### Task details:
The reply must repeat each entry exactly and contain no pictures.
Start of Input
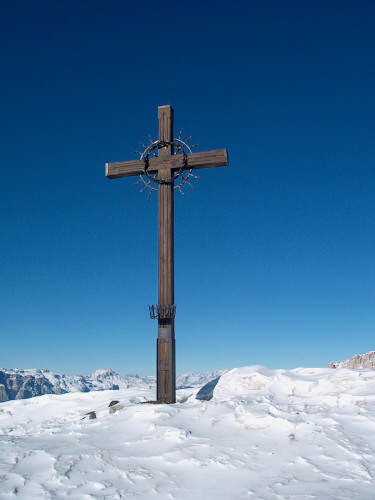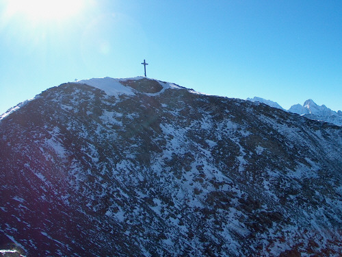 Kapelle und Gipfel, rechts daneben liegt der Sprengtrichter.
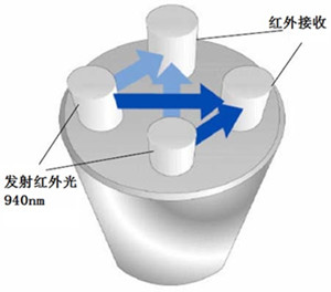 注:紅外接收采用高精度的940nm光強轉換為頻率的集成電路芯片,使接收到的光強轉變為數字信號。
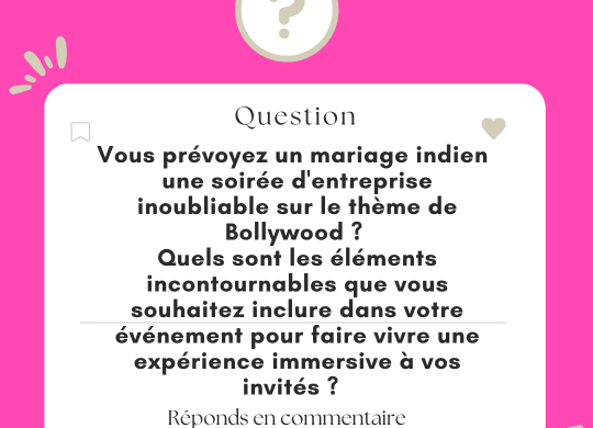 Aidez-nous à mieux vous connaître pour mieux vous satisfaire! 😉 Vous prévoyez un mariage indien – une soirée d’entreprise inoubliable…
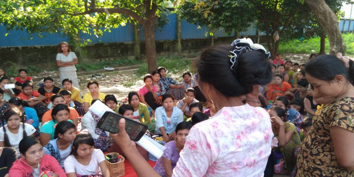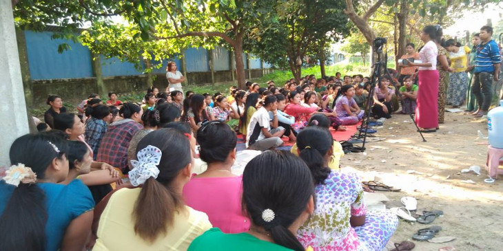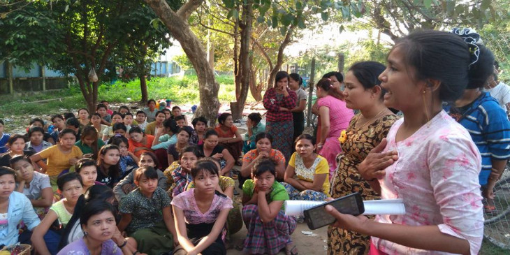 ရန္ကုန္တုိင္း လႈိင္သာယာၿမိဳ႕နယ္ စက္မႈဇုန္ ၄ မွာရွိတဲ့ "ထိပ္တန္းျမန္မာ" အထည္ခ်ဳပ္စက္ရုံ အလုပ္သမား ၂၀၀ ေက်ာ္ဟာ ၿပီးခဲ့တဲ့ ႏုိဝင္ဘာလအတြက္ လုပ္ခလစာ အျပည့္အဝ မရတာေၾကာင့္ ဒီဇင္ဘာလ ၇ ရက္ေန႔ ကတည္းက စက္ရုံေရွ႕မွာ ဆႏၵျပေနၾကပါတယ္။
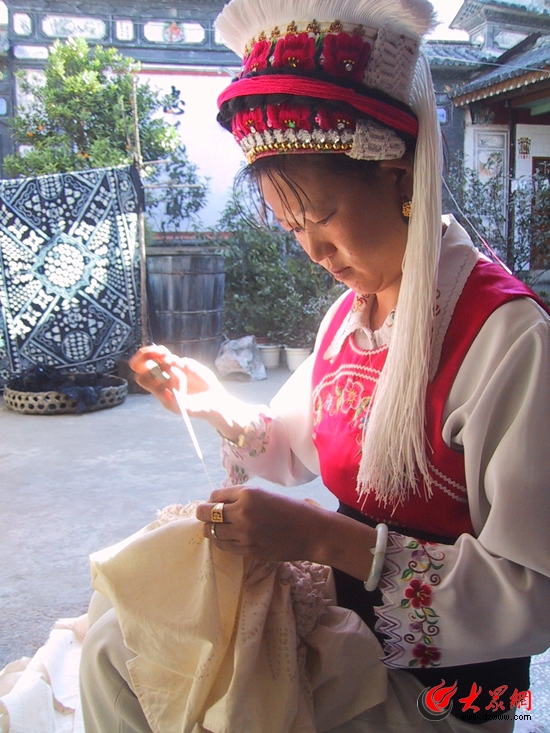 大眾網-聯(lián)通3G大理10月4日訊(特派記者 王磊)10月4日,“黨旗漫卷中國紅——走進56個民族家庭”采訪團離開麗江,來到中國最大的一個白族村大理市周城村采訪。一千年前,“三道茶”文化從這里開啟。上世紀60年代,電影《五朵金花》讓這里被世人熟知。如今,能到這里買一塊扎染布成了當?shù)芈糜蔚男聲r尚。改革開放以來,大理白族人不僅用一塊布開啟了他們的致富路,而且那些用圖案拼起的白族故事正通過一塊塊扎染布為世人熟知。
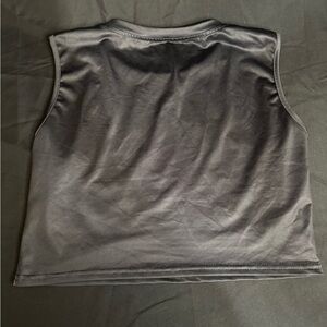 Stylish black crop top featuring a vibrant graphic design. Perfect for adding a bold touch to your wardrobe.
End of Input
### Solution to this exercise:
 Kapelle und Gipfel, rechts daneben liegt der Sprengtrichter.
 注:紅外接收采用高精度的940nm光強轉換為頻率的集成電路芯片,使接收到的光強轉變為數字信號。
 Aidez-nous à mieux vous connaître pour mieux vous satisfaire! 😉 Vous prévoyez un mariage indien – une soirée d’entreprise inoubliable…
 ရန္ကုန္တုိင္း လႈိင္သာယာၿမိဳ႕နယ္ စက္မႈဇုန္ ၄ မွာရွိတဲ့ "ထိပ္တန္းျမန္မာ" အထည္ခ်ဳပ္စက္ရုံ အလုပ္သမား ၂၀၀ ေက်ာ္ဟာ ၿပီးခဲ့တဲ့ ႏုိဝင္ဘာလအတြက္ လုပ္ခလစာ အျပည့္အဝ မရတာေၾကာင့္ ဒီဇင္ဘာလ ၇ ရက္ေန႔ ကတည္းက စက္ရုံေရွ႕မွာ ဆႏၵျပေနၾကပါတယ္။
 大眾網-聯(lián)通3G大理10月4日訊(特派記者 王磊)10月4日,“黨旗漫卷中國紅——走進56個民族家庭”采訪團離開麗江,來到中國最大的一個白族村大理市周城村采訪。一千年前,“三道茶”文化從這里開啟。上世紀60年代,電影《五朵金花》讓這里被世人熟知。如今,能到這里買一塊扎染布成了當?shù)芈糜蔚男聲r尚。改革開放以來,大理白族人不僅用一塊布開啟了他們的致富路,而且那些用圖案拼起的白族故事正通過一塊塊扎染布為世人熟知。
 Stylish black crop top featuring a vibrant graphic design. Perfect for adding a bold touch to your wardrobe.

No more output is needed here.